A short introduction to optimal control

12 minute read

Published:

This is a very non-mathematical and straightforward presentation of what is optimal control. The goal is to see :

  1. What it is mainly about,
  2. Some ideas to solve the problems we are about to see.

To convey the main ideas, as briefly and simply as possible, I will present the minimum necessary package. Have some mercy for my informal tone and my lack of precision, I like it this way because it allows our imagination to fill the gaps and go further ;)

Table of contents

  1. What is optimal control ?
  2. Can you give some examples ?
    1. A toy example : An eagle an a bird
    2. A more realistic one : Battery management
  3. What do we need in optimal control ?
  4. How could I get it ?
    1. Bellman principle
    2. The pipeline
  5. The (explicit) linear quadratic case

Tell me what is optimal control ?

Okay let’s give a short answer : You have a thing/system which is moving through time and over which you have a control. Your goal is then to choose the best control in order to minimize a cost. In general you have 3 features that you monitor :

  • A state of a system, denoted $X$,
  • A control $\alpha$ over $X$,
  • A Loss criterion $J$ that you want to minimize.

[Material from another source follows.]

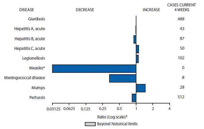 TABLE I. Provisional* cases of selected† infrequently reported notifiable diseases (<1,000 cases reported during the preceding year) — United States, week ending March 12, 2016 (10th week) (Export data) |
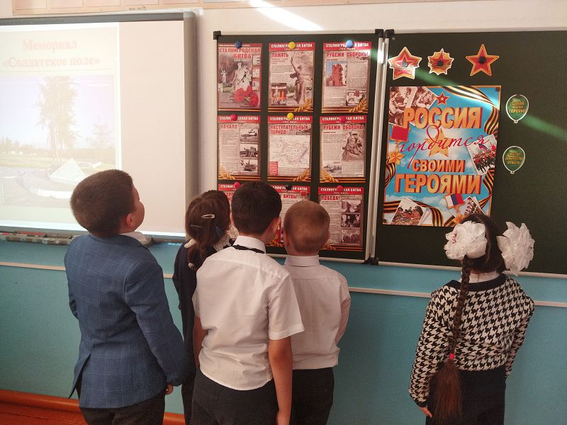 Ребята с интересом слушали рассказ о величайшем сражении, о том, как началась Сталинградская битва, о том, что длилась она 200 дней и ночей. В ходе мероприятия ребята узнали о событиях того времени, о героизме советских воинов, о значении победы под Сталинградом. В завершении учащиеся познакомились с обзорной выставкой «Сталинградская битва».

Your goal is simple : you want to find the best control $\alpha$ over $X$ so that you minimize your cost $J$. So classically we first define a model other the system :
\[ X_t = x + \int_0^t b(s, X_s, \alpha_s)ds, \qquad t \in [0, T], \label{eq:dynamic} \] where $b$ is a given model. And a loss criterion that we want to minimize \[J(t,x,\alpha) = \int_t^T f(X_s, \alpha_s)ds + g(X_T).\] The number $J(t,x,\alpha)$ is to be interpreted as the total ammount you will pay if, on $[t,T]$, you implement the strategy $\alpha$ when your state start at $X_t=x$. To sum up, what you have to do is simple

  1. Define a model of your system, ie : $(t, x,\alpha) \mapsto b(t, x,\alpha)$,
  2. Define a loss criterion $(t,x,\alpha) \mapsto J(t,x,\alpha)$,
  3. Solve the minimization problem $ V(t,x)= \inf_{\alpha} J(t,x,\alpha)$.

Note here the introduction of a new function : the value function $V$. Basically, $V(t,x)$ tells you how much you are going to pay if, starting from $x$ at time $t$, you apply until the end an optimal strategy $\alpha^\star$ (we like to put stars on things that are optimal : $\alpha^\star$ denotes an optimal strategy, so that $V(t,x)=J(t,x,\alpha^\star)$).

Humm…can you give me an example ?

A toy example : An eagle an a bird

Assume you are an eagle. You are hungry. You want to eat. So you are seeking a prey to get close to. Here your state is your position in space $X \in \mathbb{R}^3$. Your control $\alpha$ is your speed, so the model of your system is $\frac{d X_t}{dt} = \alpha_t$ with $x$ being your initial position. Or as we prefer to write \[X_t = x + \int_0^t \alpha_s ds. \] Sundenly a moving prey appears, its position is $P_t$. Now here is the thing. You want to get close to this beautiful prey, but it is costly for you to go fast, so you decide that your loss criterion to minimize will be something like \[\int_0^T \left(\lambda(X_t - P_t)^2 + N\alpha_t^2 \right) dt + X_T^2,\] where $\lambda$ and $N$ are given constants. As you can see, the bigger $\lambda$ is, the more you want to get close to your prey (you penalize the fact of being far from it); the bigger $N$ is, the more it costs you to go fast. That’s it ! We have defined a model, loss criterion and the only things that remains to do is to solve the minimization problem ! (See below)

Battery management

If you’re intersted to see an example closer to the real world with a real implementation with neural nets you can go to this posts ! (it talks about electricity storage and how to optimally control a battery when you want to minimize the bill. It assumes that you have a solar panel, a random consumption, random market prices, etc. This is a project that I did with the electricity company EDF.)

Ok so… What do we want ?

Basically 2 things : you want the optimal control $\alpha^*$ and the price you’re going to pay, i.e. the value fonction $(t,x) \mapsto V(t,x)$.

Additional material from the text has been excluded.